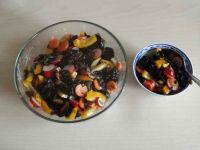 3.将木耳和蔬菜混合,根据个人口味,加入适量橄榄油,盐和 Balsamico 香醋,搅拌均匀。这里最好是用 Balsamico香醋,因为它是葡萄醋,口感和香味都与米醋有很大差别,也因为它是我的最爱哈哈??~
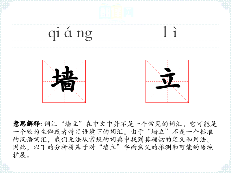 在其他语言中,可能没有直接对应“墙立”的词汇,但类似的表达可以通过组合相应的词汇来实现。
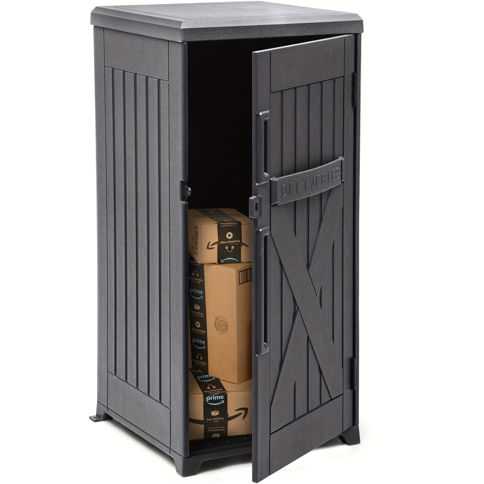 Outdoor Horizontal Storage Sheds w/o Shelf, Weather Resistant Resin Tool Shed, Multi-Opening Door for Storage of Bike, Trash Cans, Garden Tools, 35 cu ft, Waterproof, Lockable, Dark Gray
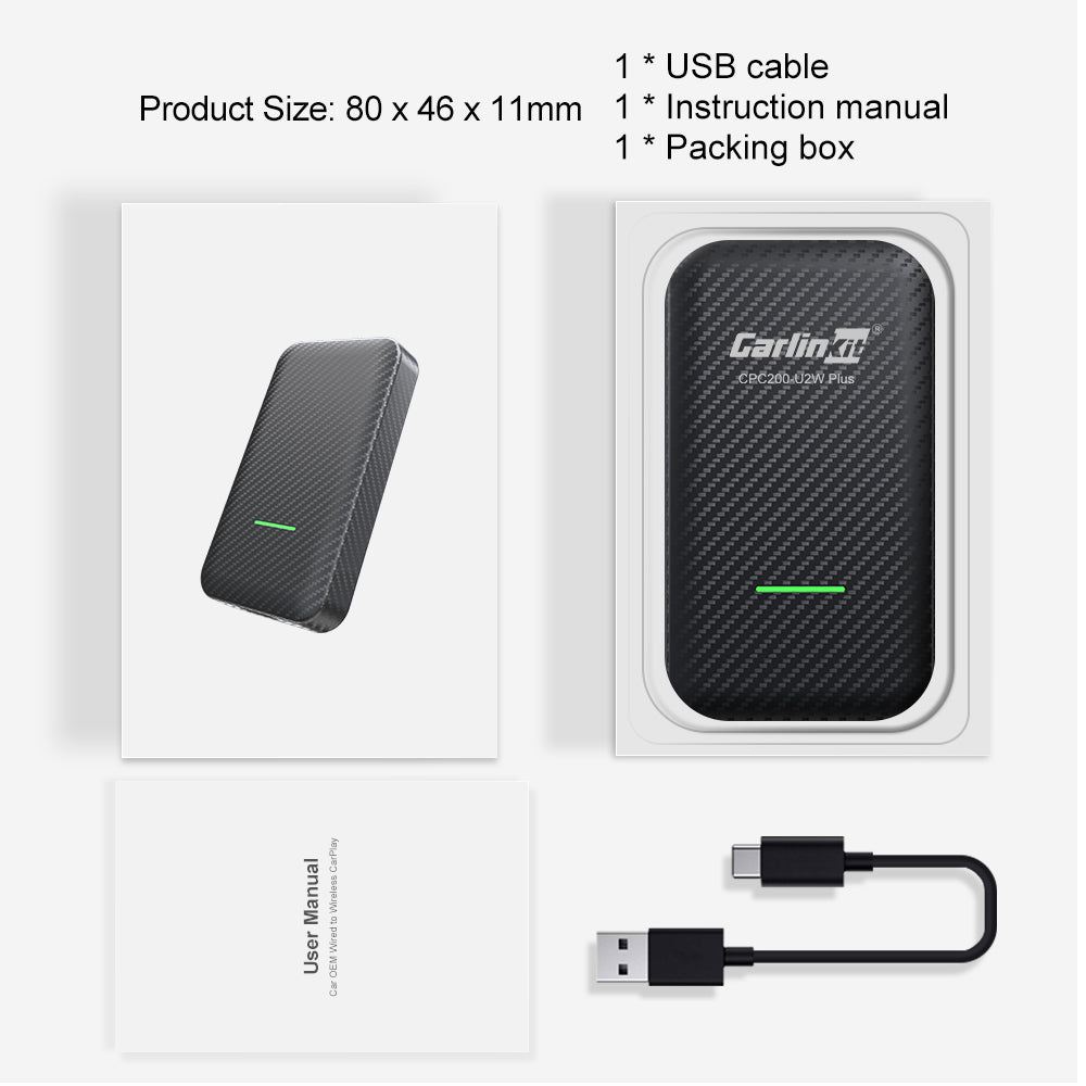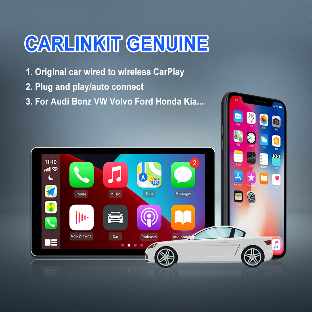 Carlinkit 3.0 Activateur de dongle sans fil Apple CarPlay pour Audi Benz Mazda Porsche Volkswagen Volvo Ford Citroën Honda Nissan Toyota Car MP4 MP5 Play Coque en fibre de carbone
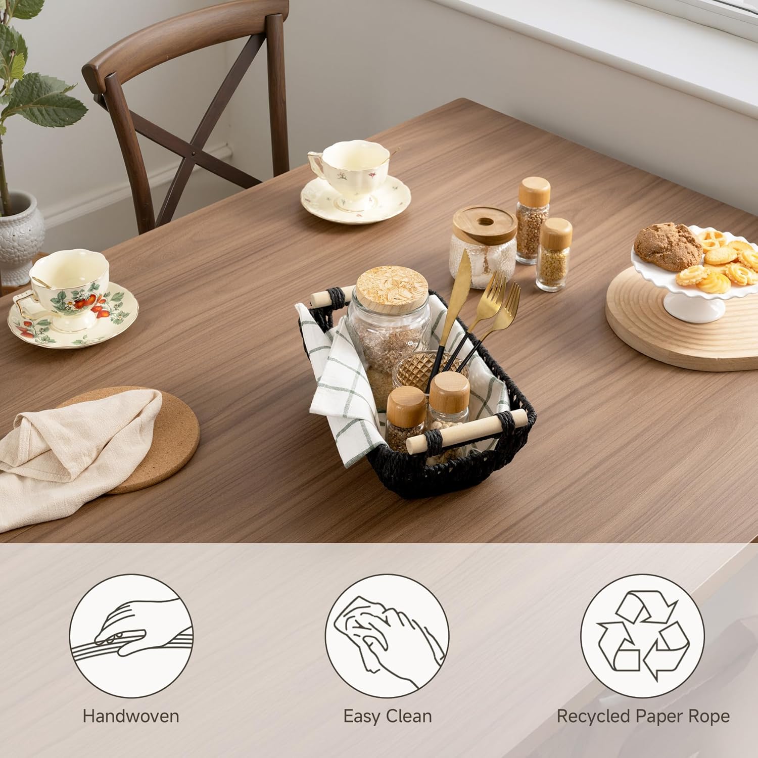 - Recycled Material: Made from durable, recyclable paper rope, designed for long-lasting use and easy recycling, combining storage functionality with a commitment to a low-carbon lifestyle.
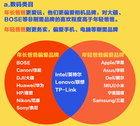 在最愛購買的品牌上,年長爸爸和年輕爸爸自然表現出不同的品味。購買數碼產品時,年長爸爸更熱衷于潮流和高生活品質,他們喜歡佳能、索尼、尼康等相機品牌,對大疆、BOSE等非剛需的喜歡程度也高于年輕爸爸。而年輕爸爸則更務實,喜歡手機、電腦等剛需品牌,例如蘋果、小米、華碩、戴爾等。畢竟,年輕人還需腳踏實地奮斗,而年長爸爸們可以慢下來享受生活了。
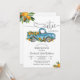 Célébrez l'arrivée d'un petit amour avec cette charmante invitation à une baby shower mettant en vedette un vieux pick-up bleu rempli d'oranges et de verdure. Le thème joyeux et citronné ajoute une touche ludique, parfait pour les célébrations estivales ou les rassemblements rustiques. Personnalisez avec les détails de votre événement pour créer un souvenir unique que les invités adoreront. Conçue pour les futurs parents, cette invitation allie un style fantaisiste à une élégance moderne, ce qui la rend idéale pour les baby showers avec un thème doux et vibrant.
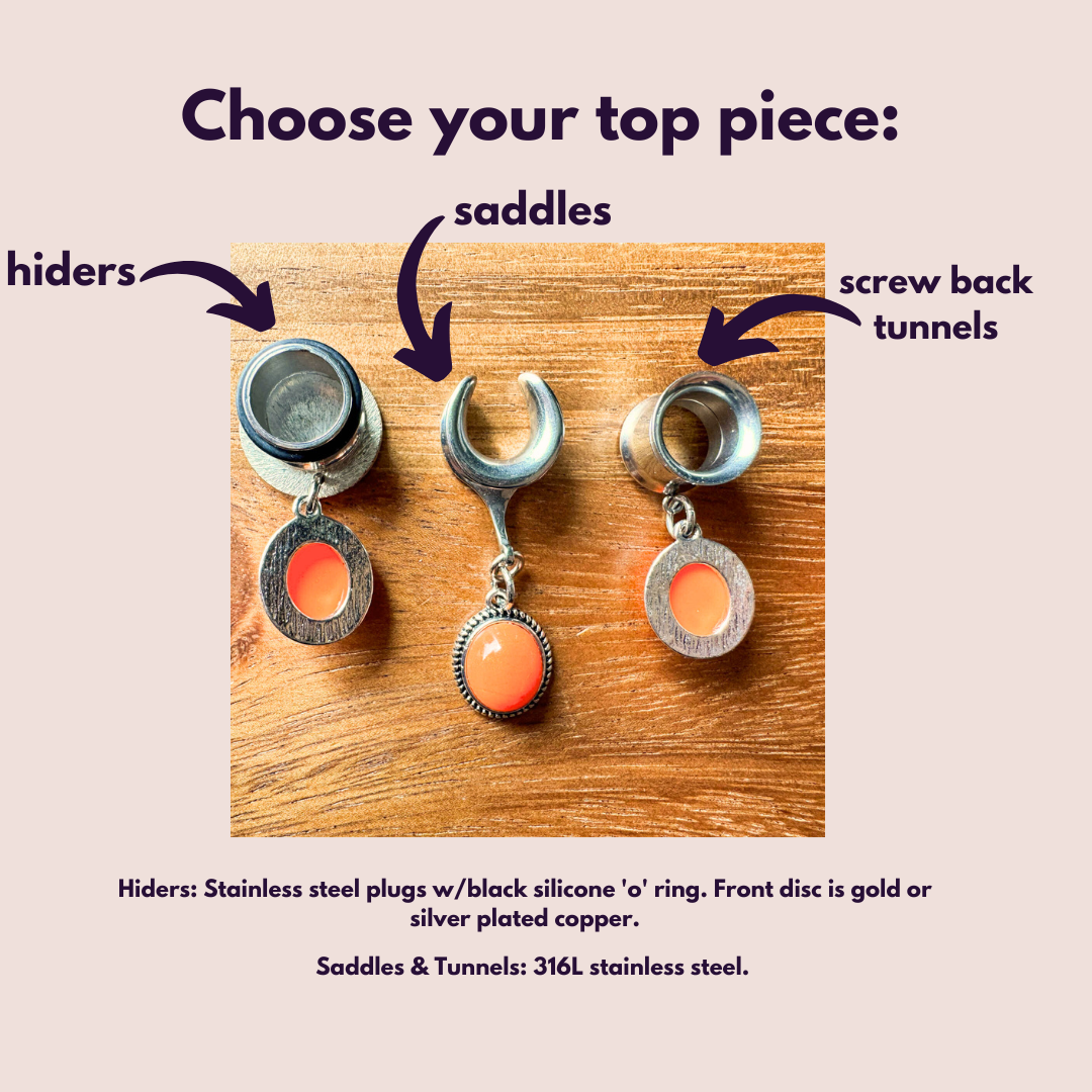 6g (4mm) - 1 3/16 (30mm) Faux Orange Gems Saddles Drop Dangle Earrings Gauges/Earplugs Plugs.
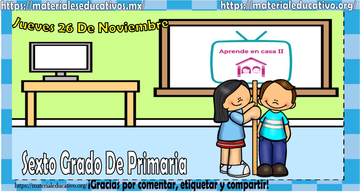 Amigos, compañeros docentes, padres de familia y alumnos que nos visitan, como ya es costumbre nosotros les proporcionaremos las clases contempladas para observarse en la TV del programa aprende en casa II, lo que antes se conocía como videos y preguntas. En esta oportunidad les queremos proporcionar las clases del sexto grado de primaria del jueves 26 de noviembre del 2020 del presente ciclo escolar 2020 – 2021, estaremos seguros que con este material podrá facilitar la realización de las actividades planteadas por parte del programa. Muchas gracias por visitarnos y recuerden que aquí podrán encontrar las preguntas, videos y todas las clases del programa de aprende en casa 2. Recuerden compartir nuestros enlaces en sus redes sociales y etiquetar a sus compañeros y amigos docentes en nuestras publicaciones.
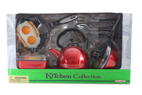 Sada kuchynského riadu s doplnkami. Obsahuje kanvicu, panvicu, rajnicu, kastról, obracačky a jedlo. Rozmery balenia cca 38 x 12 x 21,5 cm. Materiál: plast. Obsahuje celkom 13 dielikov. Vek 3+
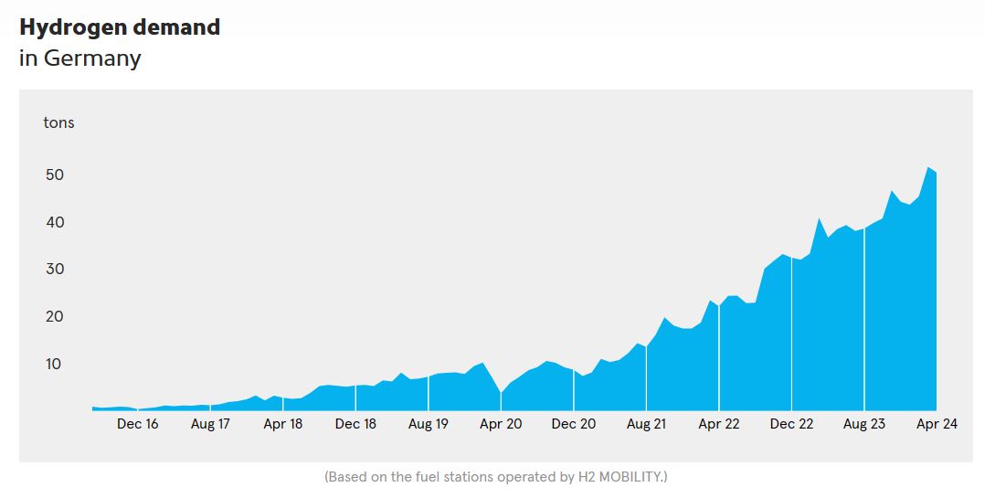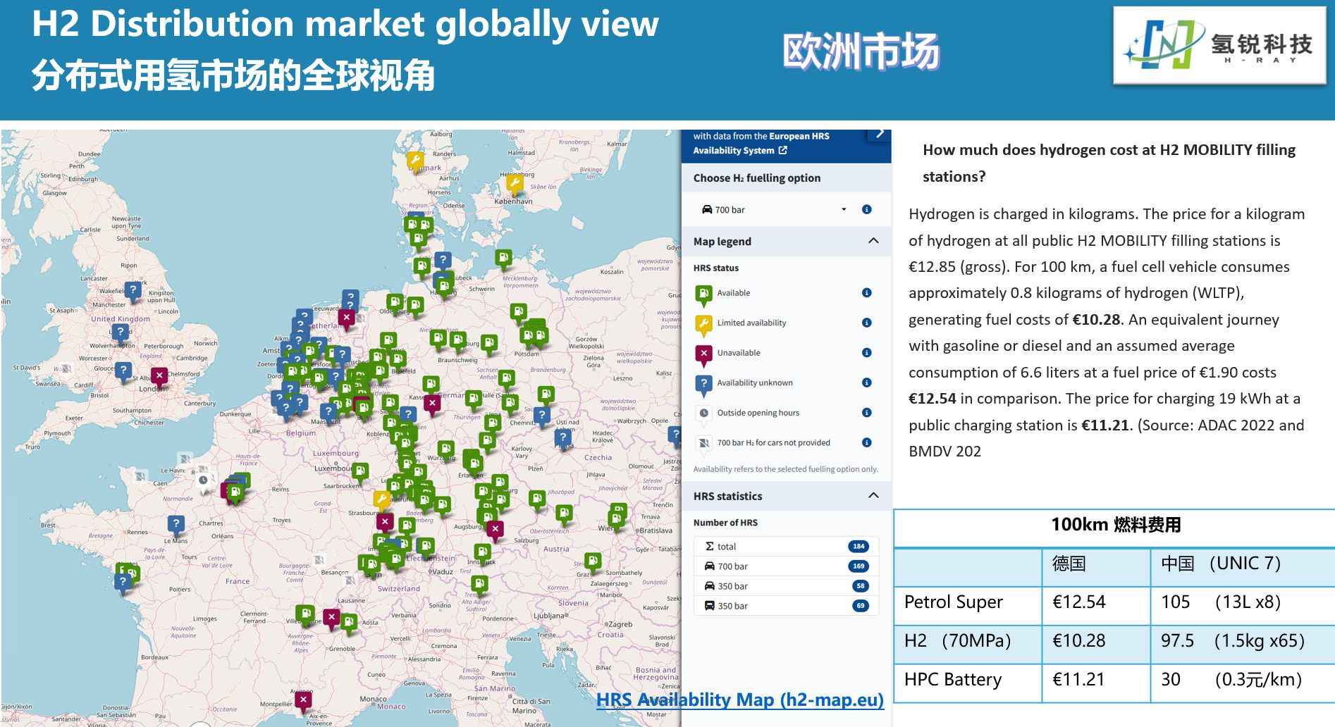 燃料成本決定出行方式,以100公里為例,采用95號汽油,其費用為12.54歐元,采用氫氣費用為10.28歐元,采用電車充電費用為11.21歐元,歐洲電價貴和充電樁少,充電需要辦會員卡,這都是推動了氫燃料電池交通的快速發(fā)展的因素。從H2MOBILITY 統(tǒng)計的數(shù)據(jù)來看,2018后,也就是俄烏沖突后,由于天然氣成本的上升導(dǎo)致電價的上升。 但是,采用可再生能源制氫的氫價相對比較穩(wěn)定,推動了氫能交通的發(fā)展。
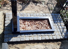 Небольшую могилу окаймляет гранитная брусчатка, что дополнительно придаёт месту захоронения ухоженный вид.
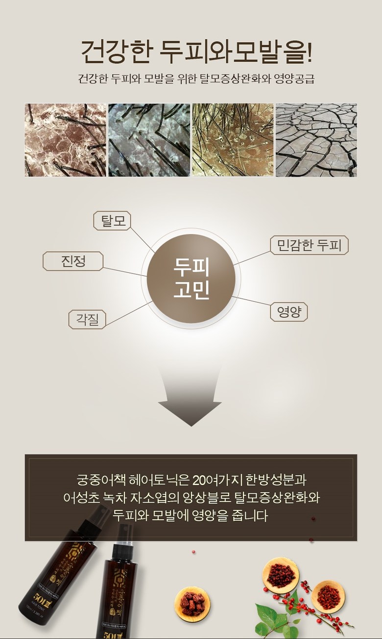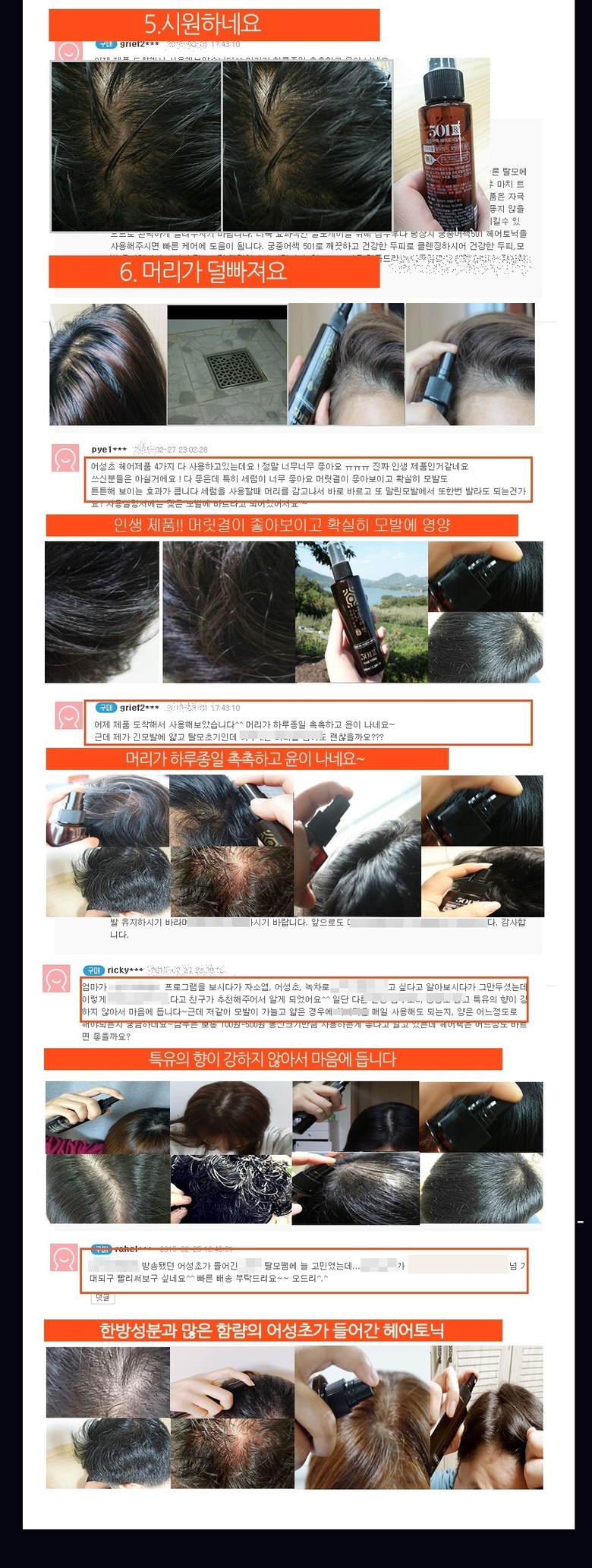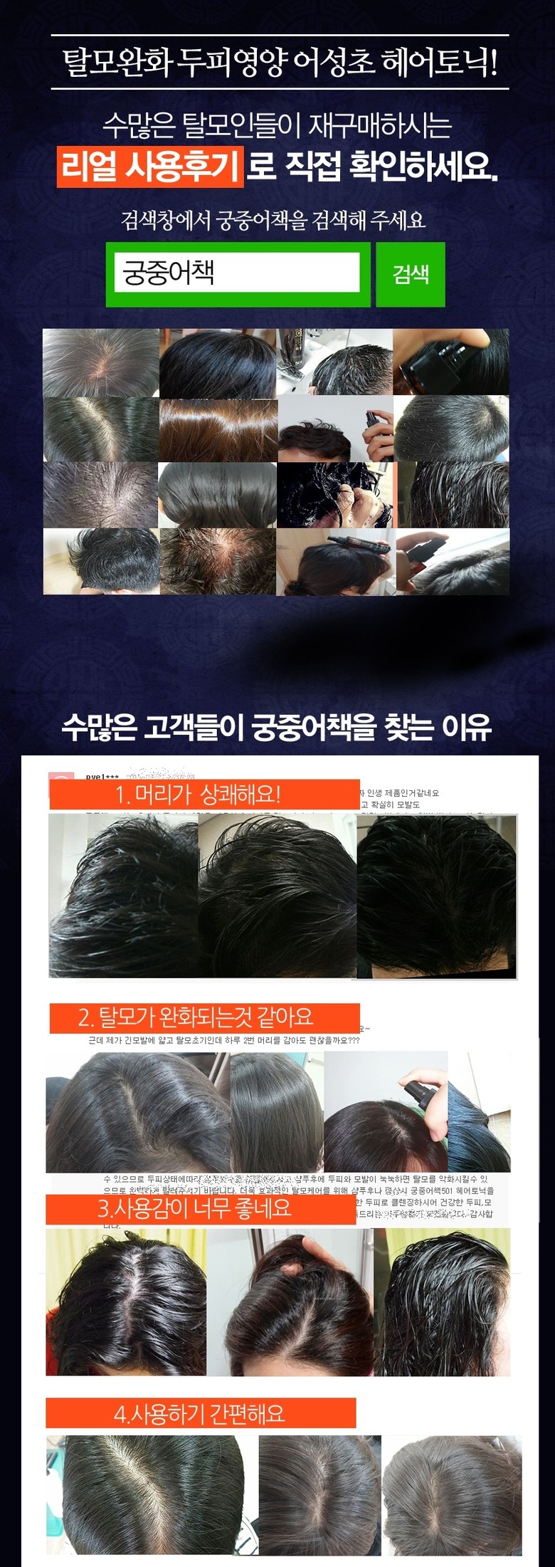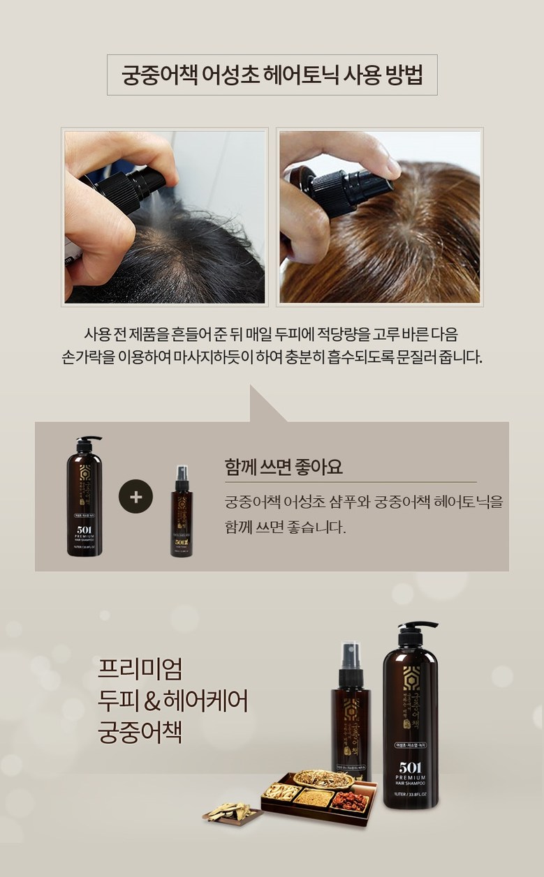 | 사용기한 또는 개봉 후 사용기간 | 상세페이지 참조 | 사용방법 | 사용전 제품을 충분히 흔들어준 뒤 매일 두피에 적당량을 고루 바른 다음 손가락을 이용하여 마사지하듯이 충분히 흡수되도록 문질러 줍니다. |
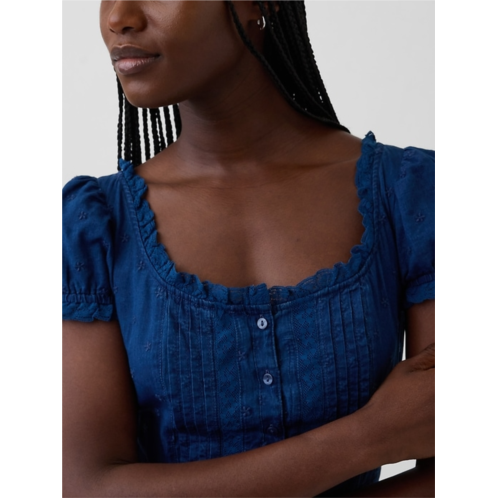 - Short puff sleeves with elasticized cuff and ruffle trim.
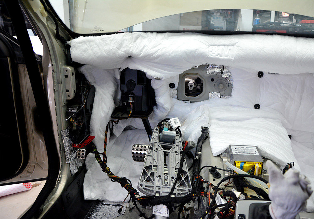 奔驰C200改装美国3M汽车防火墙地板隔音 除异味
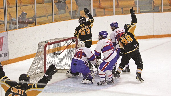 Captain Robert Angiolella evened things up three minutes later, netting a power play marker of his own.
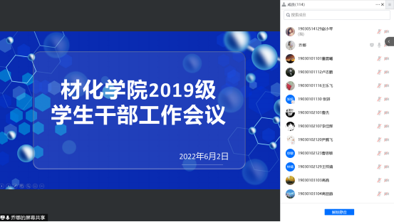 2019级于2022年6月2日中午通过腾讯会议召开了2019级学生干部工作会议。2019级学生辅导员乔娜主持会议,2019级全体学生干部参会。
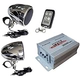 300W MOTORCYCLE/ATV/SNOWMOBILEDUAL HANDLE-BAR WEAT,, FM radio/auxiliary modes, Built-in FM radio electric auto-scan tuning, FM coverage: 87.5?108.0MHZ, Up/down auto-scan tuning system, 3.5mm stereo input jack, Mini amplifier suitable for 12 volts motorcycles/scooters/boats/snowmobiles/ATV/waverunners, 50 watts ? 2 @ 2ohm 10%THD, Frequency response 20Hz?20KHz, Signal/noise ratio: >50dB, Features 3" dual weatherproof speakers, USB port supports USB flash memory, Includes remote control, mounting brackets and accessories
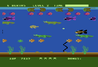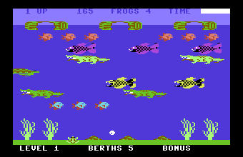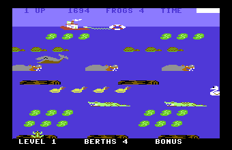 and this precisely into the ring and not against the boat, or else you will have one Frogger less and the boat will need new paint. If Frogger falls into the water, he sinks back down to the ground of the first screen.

TASK DESCRIPTION.
Output exactly the lines from the line containing "2019级于2022年6月2" through the last line of the records, both included, and leave out every picture.

OUTPUT BELOW.
 2019级于2022年6月2日中午通过腾讯会议召开了2019级学生干部工作会议。2019级学生辅导员乔娜主持会议,2019级全体学生干部参会。
 300W MOTORCYCLE/ATV/SNOWMOBILEDUAL HANDLE-BAR WEAT,, FM radio/auxiliary modes, Built-in FM radio electric auto-scan tuning, FM coverage: 87.5?108.0MHZ, Up/down auto-scan tuning system, 3.5mm stereo input jack, Mini amplifier suitable for 12 volts motorcycles/scooters/boats/snowmobiles/ATV/waverunners, 50 watts ? 2 @ 2ohm 10%THD, Frequency response 20Hz?20KHz, Signal/noise ratio: >50dB, Features 3" dual weatherproof speakers, USB port supports USB flash memory, Includes remote control, mounting brackets and accessories
 and this precisely into the ring and not against the boat, or else you will have one Frogger less and the boat will need new paint. If Frogger falls into the water, he sinks back down to the ground of the first screen.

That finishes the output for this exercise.